Parlare di strategie di sviluppo richiede una necessaria precisazione concettuale. Una conclusione,
che generalmente si dà per scontata, è la coincidenza tra i concetti di sviluppo e di crescita del
sistema aziendale. Molto spesso, infatti, per sviluppo s'intende lo sviluppo dimensionale, cioè un
fatto prevalentemente quantitativo o di variazione del volume corrente di attività. In realtà, esso
può essere definito (nella sua accezione filosofica di "movimento verso il meglio") come un
processo soprattutto qualitativo ovvero di evoluzione dei rapporti tra l'impresa e l'ambiente, a cui
di solito (ma non automaticamente) si accompagna un ampliamento della struttura organizzativa.
Non è detto, infatti, che tutte le imprese perseguano la finalità della crescita, in quanto un
aumento significativo della dimensione operativa genera una serie di problemi di ordine gestionale
e organizzativo. Dunque, in conclusione, si può affermare che la crescita dovrebbe comportare lo
sviluppo, ma non è sempre vero il contrario. Ciò vale soprattutto per le imprese di non piccola
dimensione, nelle quali il realizzarsi di un processo del genere rappresenta, spesso, una condizione
di garanzia della sopravvivenza dell'organizzazione nel lungo periodo. Il continuo dilatarsi dei
mercati e l'accentuarsi della lotta concorrenziale possono portare, infatti, ad una perdita di forza
e, solitamente ad un peggioramento della redditività gestionale. Lo sviluppo dimensionale appare,
perciò, un connotato fisiologico degli organismi più sani, in quanto consente di adeguare il volume
dell'attività aziendale alle potenzialità della struttura, all'evoluzione dell'ambiente esterno, con il
fine di migliorare, nel tempo, l'equilibrio nei confronti del mercato. Obiettivi di fondo dello
sviluppo dimensionale sono, pertanto, l'ottimizzazione dell'uso delle risorse aziendali e
l'acquisizione di un peso contrattuale crescente nei confronti dei consumatori, dei concorrenti, dei
fornitori, dei distributori, ecc.

I percorsi di sviluppo: la formulazione della strategia complessiva.

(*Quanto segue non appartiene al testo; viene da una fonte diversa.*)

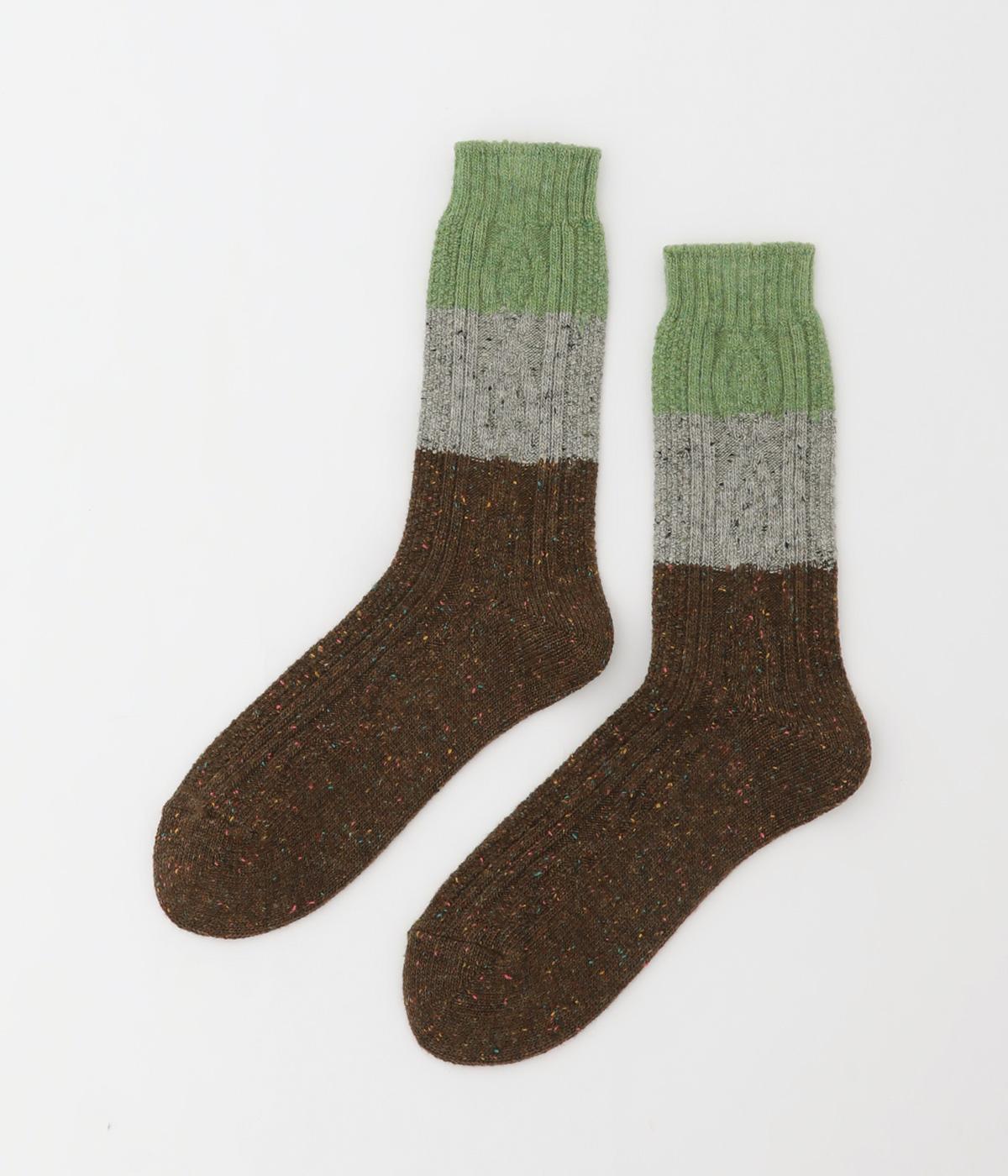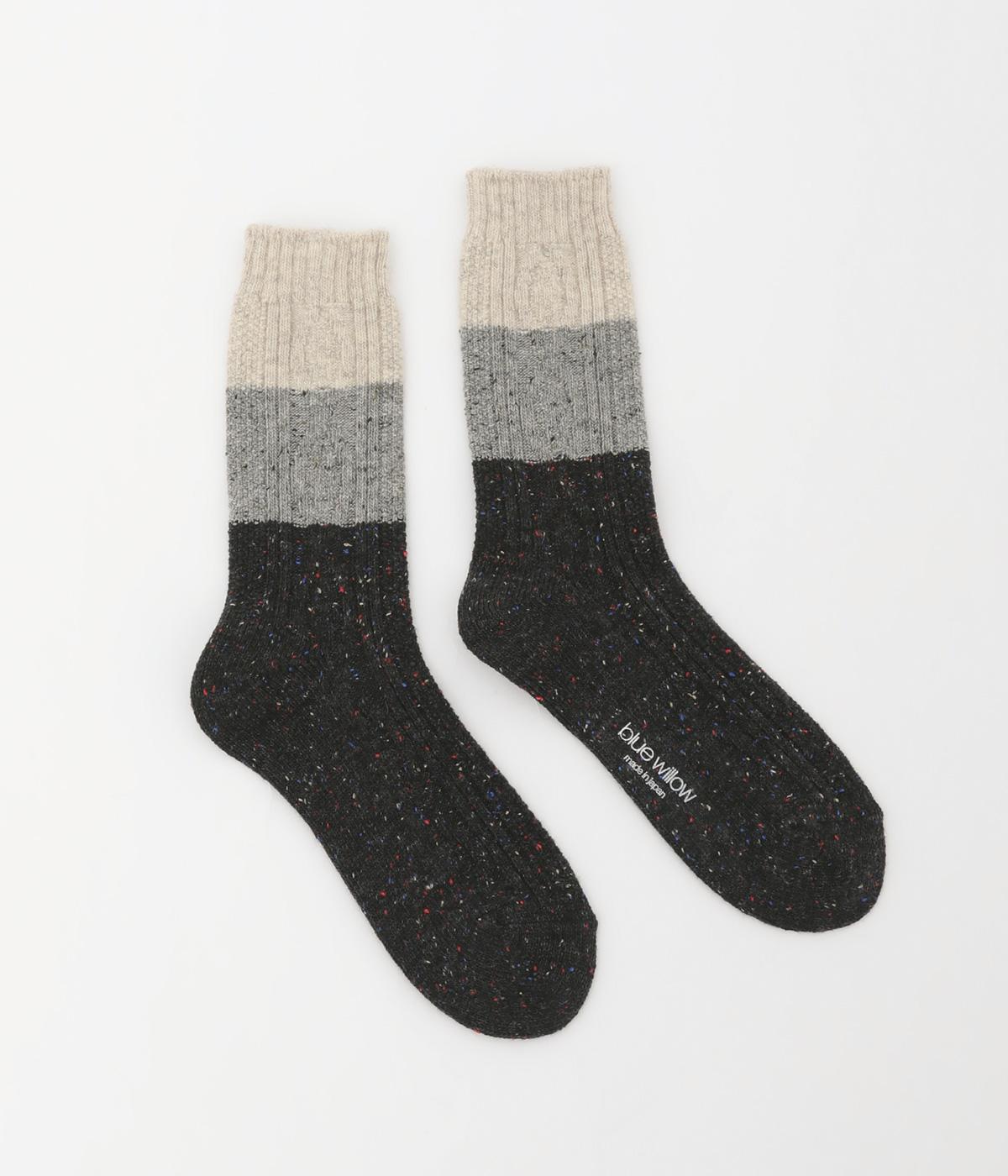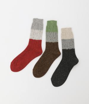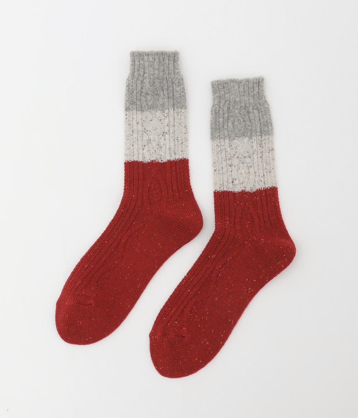 ネップによる豊かな表情と配色が目を惹くソックスです。デザイン自体はシンプルながらカラー使いが印象的で、デイリースタイルにさり気なく彩りをプラスしてくれます。あたたかな季節の変わり目にはスポーツサンダルなどと合わせても◎。

Le strategie di espansione si differenziano soprattutto rispetto al rapporto prodotto/mercato, cioè


alla permanenza, al superamento o all'allargamento delle relazioni fra i prodotti fabbricati e i
mercati serviti. Le alternative di fondo, sono rappresentate dalla concentrazione o diversificazione
delle attività gestite, cioè dalla preferenza per percorsi di sviluppo che aumentino il peso delle
attività già esercitate o che, invece, estendano il portafoglio prodotti/mercati. Nel primo caso
l'espansione nei business esistenti punta a sfruttare al meglio il bagaglio di competenze e di
esperienze già posseduto dall'impresa; nel secondo, la diversificazione in nuovi business mira a
valorizzare positivamente le interrelazioni tra vecchie e nuove aree di affari (diversificazione
correlata) oppure si propone soprattutto di ridurre il rischio globale di gestione (diversificazione
conglomerale). Volendo schematizzare, si possono dunque individuare tre strategie fondamentali
di sviluppo dimensionale, con alcune varianti principali. Dunque, lo sviluppo di tipo
monosettoriale si realizza mediante processi di integrazione orizzontale e verticale, quello di tipo
polisettoriale assume le forme della diversificazione laterale e conglomerale e, infine lo sviluppo di
tipo internazionale si può concretare in un processo di espansione internazionale del mercato o di
espansione internazionale del mercato o di espansione multinazionale della gestione.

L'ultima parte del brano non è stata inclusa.